In order to investigate the potential regional variability in agreement a number of study regions were established as shown in Fig. 1 along with considering results by hemisphere. In addition, for Jason-3 the data were split into those specified as LRM and non-LRM according to the geographic mode mask on any given day. Scattergrams of the agreement between NOCSLA and the gridded Jason-3 results are provided in Fig. 2. For the comparison with CCI, scattergrams are presented in Fig. 3. The exclusion of non-LRM NOCSLA data in the CCI comparison, is the reason why there are no results for the Mediterranean Sea in Fig. 3.

Fig. 1

Location of study regions: TP is Tropical Pacific, SIO is Southern Indian Ocean, GS is Gulf Stream, SO is Southern Ocean, MS is Mediterranean Sea, NWP is Northwest Pacific and NEP is Northeast Pacific.

Fig. 2

Scattergrams of gridded Jason-3 sea level anomaly (y-axis) with NOCSLA (x-axis) for the various study regions and CryoSat-2 instrument mode (No SAR and SAR). Colour scale is the intensity of the number of points in each 25 mm bin, bins with less than 20 points are located by black dots (note: the colour scale varies by panel). The one-to-one line is the solid magenta line, regression line minimising error in predicting Jason-3 is black line, and regression line minimising error in predicting NOCSLA is grey line. The regression coefficients are given in the legend for each panel and the Pearson correlation coefficient is provided in the title for each panel along with the number of pairs.

Fig. 3

Scattergrams of ESA CCI sea level anomaly (y-axis) with NOCSLA (x-axis) for the various study regions. Colour scale is the intensity of the number of points in each 25 mm bin, bins with less than 20 points are located by black dots (note: the colour scale varies by panel). The one-to-one line is the solid magenta line, regression line minimising error in predicting CCI is black line, and regression line minimising error in predicting NOCSLA is grey line. The regression coefficients are given in the legend for each panel and the Pearson correlation coefficient is provided in the title for each panel along with the number of pairs.
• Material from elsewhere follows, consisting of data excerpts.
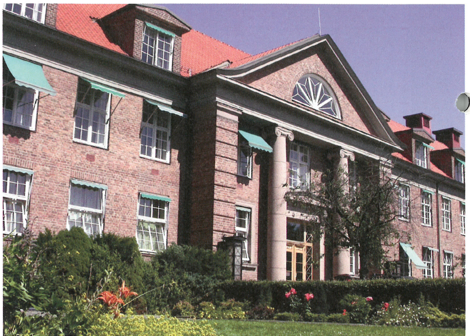
Diakonhjemmets psykofarmakologiske poliklinikk på Vinderen.

Psykofarmakologisk poliklinikk (PP) ble startet ved Senter for Psykofarmakologi ved Diakonhjemmet Sykehus i 2009. Målet med poliklinikken er å bidra til effektiv medikamentell behandling med færre bivirkninger og interaksjoner, samt unngå terapivikt. Det er et tverrfaglig tilbud med fokus på individuelt tilpasset behandling som kan bidra til en mer effektiv behandling. PP er et tilbud som kan gi bedre helse til enkeltpasienter. Videre vil det avlaste i en travel klinisk hverdag for allmennleger og psykiatere.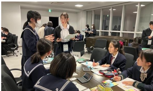
POI!(湘南白百合 VS 日比谷)

予選3の論題は「日本を変えるなら、政治よりも商売を選ぶべきである」です。実生活に直接結びつけることがやや難しい論題であったため、実際過去にどのようなことがあったかなどの具体例の提示が勝敗を左右していたように見られました。予選3ラウンド目ということもあり、さらなる積極性がみられました。二つ試合を終えた生徒たちはブラッシュアップされていました。自分たちが言いたいことに繋げることができるような質問を戦略的に行いました。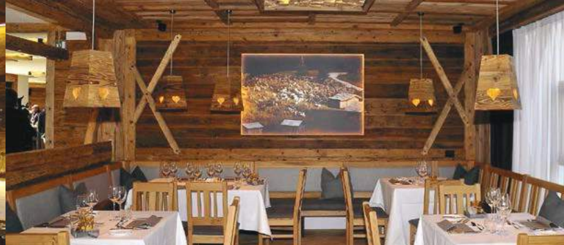
Presso l'Alpine Hotel Gran Fodà, l'eccellenza e il design sposano le tradizioni locali.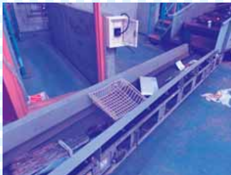
⑤選別された大小それぞれを次の処理ラインに送ります。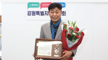
강원특별자치도의회 의원연구회 감사패 수여식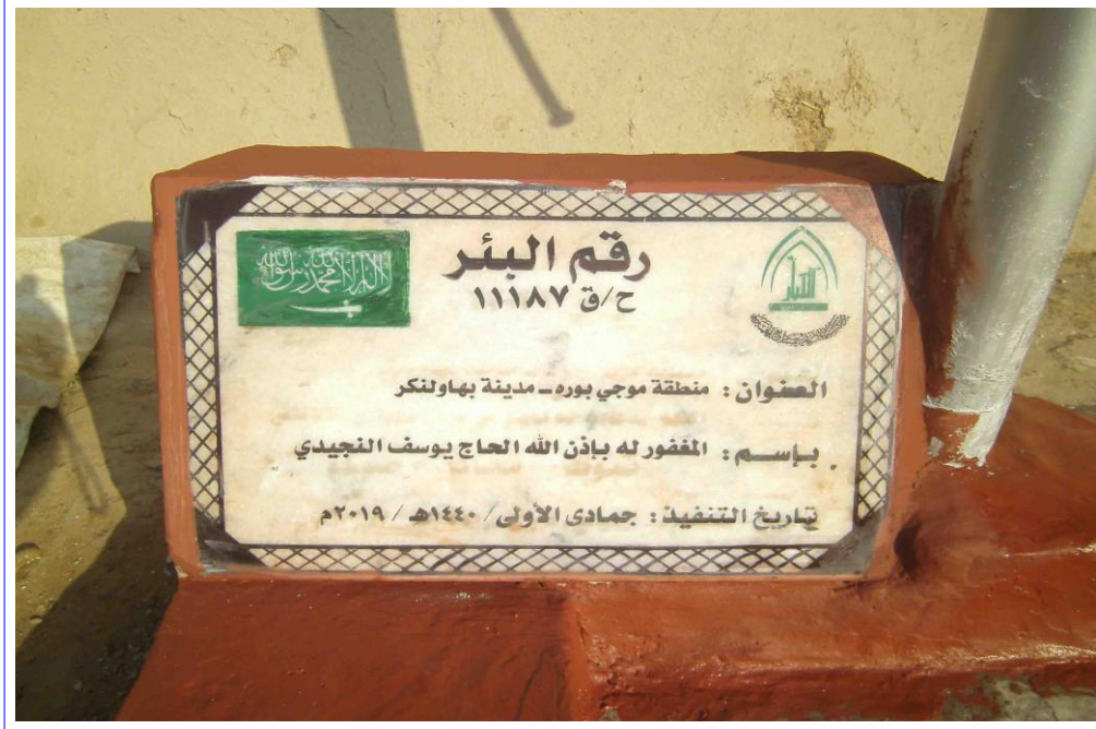
صورة عن قرب للوحة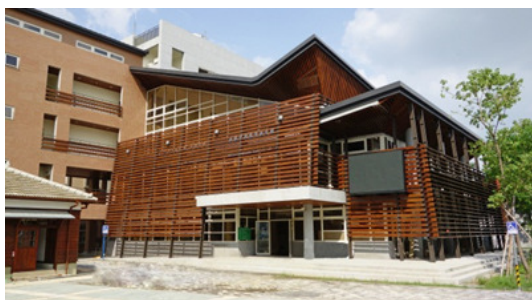
圖 32.美濃文創中心-教育藝文館

1.「美濃文創中心」104年11月6日正式開幕，慶祝系列活動自6日起至8日盛大舉辦，共邀請十多組藝文、音樂團體參與，同時舉辦「戀戀美濃河展」、「創意市集」以及「文創工作坊」等活動，吸引1萬1,000人次參觀，有效達成宣傳行銷效益，並帶動在地觀光產業發展。(如圖32~圖35)

For all study regions there is good agreement between gridded Jason-3 and NOCSLA with positive correlations between 0.71 and 0.89 with no signs of systematic bias. The lowest correlation (0.71) is for those regions identified as being non-LRM (i.e., mostly SAR with some SARIn) and an impact of the known SAR bias. For all regions, the highest concentration of match-ups are aligned along the one-to-one lines. As expected, there is more spread in the more dynamic regions (e.g., Gulf Stream, Southern Ocean and Northwest Pacific). For CCI comparison, the lowest correlations are for Southern Ocean and Gulf Stream region, but the correlations are still high at 0.85 for both. In both comparisons, there is some evidence that there is an issue with agreement in the Southern Ocean (also visible to a lesser extent in the All, Southern Hemisphere and LRM panels). Users should take this into account at higher southern latitudes.
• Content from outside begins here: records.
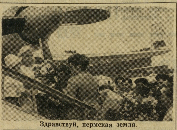
Здравствуй, пермская земля.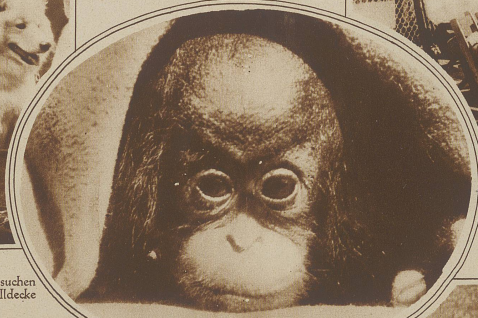
Bild rechts: Wie gefällt Ihnen dieses Schoßkind? Erst nach zahllosen Versuchen gelang es, den jungen Schimpansen, der immer nur vorsichtig unter seiner Wolldecke hervorsah, wenn er den Photoapparat erblickte, im Bilde festzuhalten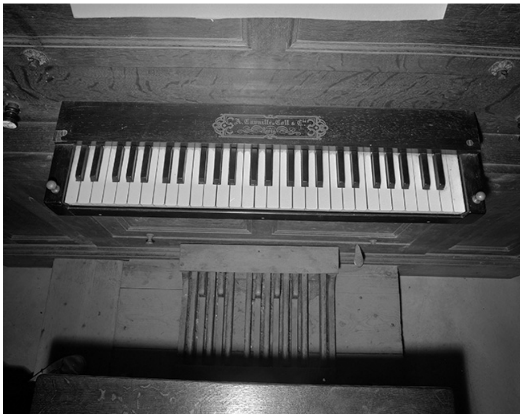
Console, vue en plongée.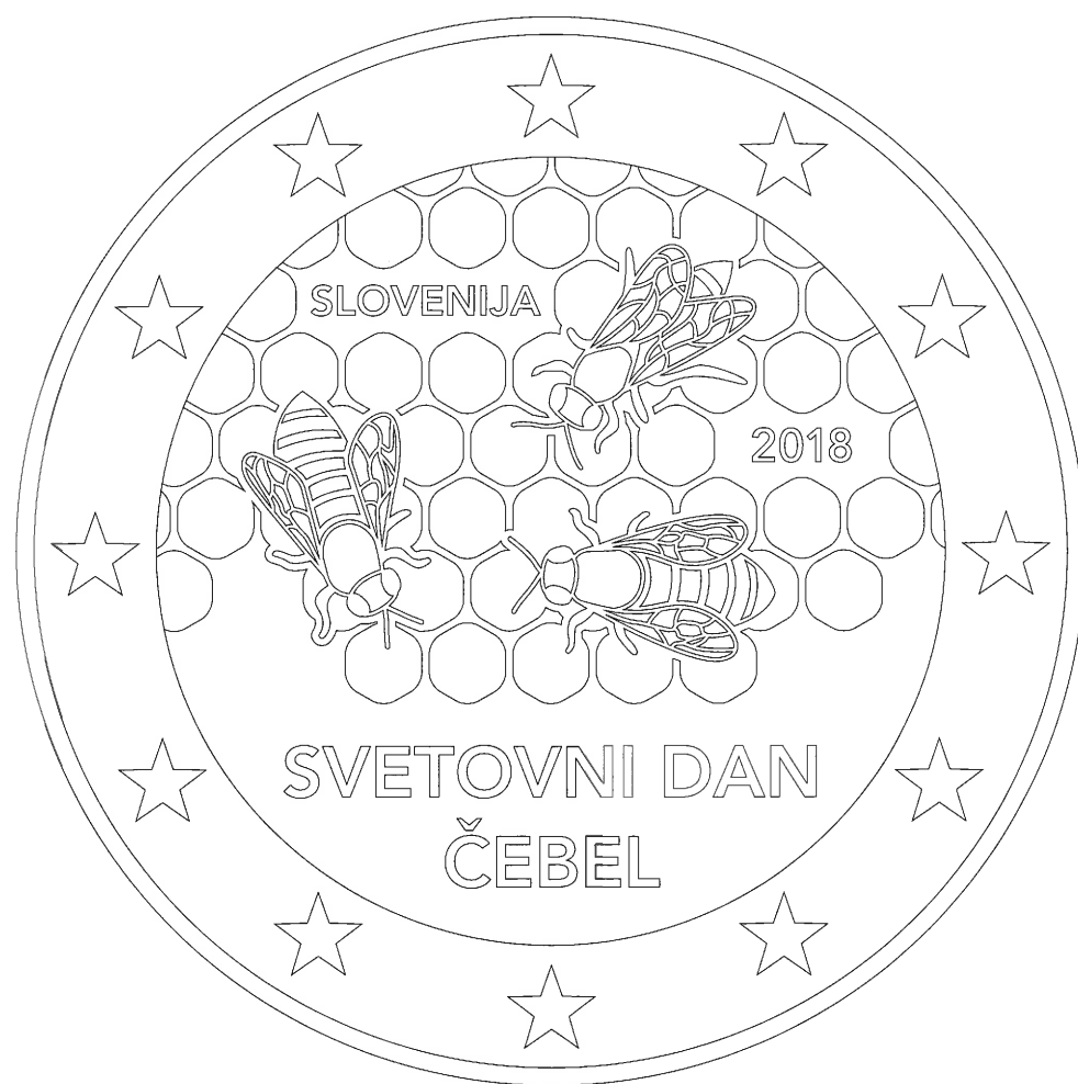
ČRTNA RISBA (M 5:1, 1:1)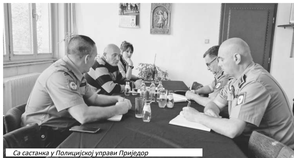
Са састанка у Полицијској управи Приједор

"У наредном периоду предузеће се све потребне мјере и радње како би се очувало стање безбједности и матурске прославе протекле без нежељених посљедица", закључују у саопштењу из ПУ Приједор.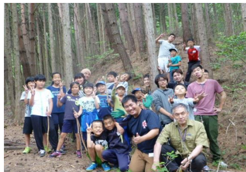
悪天候により、登山は入口付近まで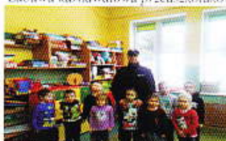
Poznajemy zawody: spotkanie z Policjantem.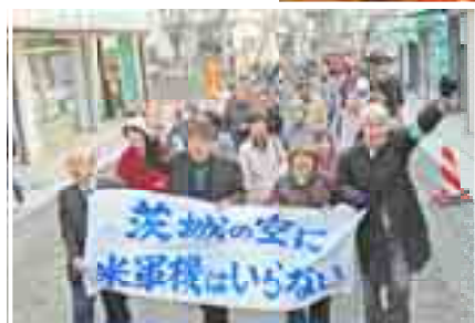
す 対 反 に

なんでもアメリカ力言いなりの自民、公明政権は、米軍戦闘機の訓練を日本各地に移転させようとしています。これ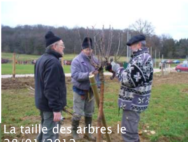
La taille des arbres le 28/01/2012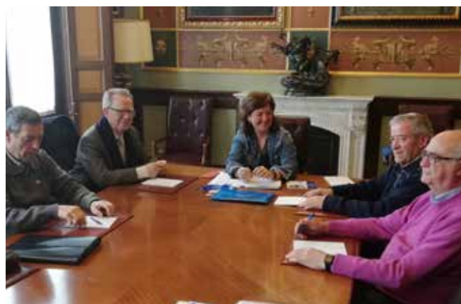
Reunión en la Diputación de Ciudad Real

La Asamblea del 27 de febrero sí se realizó, pero más adelante se tenía previsto realizar más asambleas, una General Extraordinaria con la presentación de la Memoria de 2019 el 25 de marzo y otra Ordinaria el 23 de septiembre, ambas tuvieron que suspenderse por la crisis sanitaria. Durante el mes de septiembre se realizó la Asamblea General Ordinaria de la Organización Nacional UDP de manera virtual, con la participación de 5 representantes de la Federación Territorial de CLM UDP

Global and regional sea level comparisons

In order to look at estimates of global and regional sea level a number of other data sources have been utilised. The first dataset is the Sea Level CCI product described in the previous section. The other sources are similar to each other and represent the global mean sea level (GMSL) from the reference missions (i.e. Jason series of satellite altimeters), these are referred to as Beckley⁹, Colorado (https://sealevel.colorado.edu/ with seasonal signals retained) and AVISO (https://www.aviso.altimetry.fr/en/data/products/ocean-indicators-products/mean-sea-level/data-acces.html). Seasonal cycles were included in the downloaded data as these are removed in the methodology described below, so that all data were processed in the same manner as NOCSLA. For AVISO, the data were for the reference missions only, so it provides an independent assessment of GMSL.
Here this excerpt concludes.